The lines needed are those below that contain the word "Gold"; copy each one.

Records contained in a dataset
---*---

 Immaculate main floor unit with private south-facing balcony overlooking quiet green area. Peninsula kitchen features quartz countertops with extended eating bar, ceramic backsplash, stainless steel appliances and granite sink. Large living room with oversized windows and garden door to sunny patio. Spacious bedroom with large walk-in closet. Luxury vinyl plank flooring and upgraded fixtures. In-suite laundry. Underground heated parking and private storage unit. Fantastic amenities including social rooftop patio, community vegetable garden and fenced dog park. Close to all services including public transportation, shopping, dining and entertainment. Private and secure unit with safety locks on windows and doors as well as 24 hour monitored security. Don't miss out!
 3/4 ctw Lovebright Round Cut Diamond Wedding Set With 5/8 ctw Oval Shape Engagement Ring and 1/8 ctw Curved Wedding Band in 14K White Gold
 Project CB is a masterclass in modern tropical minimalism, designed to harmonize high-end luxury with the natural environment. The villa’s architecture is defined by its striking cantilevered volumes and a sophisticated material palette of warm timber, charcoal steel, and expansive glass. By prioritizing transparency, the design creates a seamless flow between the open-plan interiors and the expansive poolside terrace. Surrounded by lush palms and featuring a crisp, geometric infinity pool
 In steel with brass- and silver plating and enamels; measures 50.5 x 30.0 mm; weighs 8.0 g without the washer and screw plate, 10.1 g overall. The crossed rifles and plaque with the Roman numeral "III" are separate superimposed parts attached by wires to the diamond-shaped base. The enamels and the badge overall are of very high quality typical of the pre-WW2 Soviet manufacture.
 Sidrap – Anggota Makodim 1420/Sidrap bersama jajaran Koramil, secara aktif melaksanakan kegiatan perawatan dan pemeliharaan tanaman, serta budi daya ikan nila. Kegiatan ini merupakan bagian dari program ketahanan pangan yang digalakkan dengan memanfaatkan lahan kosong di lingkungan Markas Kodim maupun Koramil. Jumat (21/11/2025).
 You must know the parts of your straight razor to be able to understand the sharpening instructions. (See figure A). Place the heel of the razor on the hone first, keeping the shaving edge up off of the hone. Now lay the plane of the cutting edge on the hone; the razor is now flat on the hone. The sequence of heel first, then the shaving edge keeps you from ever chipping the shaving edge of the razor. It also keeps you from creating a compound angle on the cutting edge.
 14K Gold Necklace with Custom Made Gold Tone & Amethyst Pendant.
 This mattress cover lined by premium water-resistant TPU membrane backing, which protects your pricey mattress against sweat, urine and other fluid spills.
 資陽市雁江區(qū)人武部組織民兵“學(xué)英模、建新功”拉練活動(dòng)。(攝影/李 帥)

---*---

**Answer section:**
 3/4 ctw Lovebright Round Cut Diamond Wedding Set With 5/8 ctw Oval Shape Engagement Ring and 1/8 ctw Curved Wedding Band in 14K White Gold
 14K Gold Necklace with Custom Made Gold Tone & Amethyst Pendant.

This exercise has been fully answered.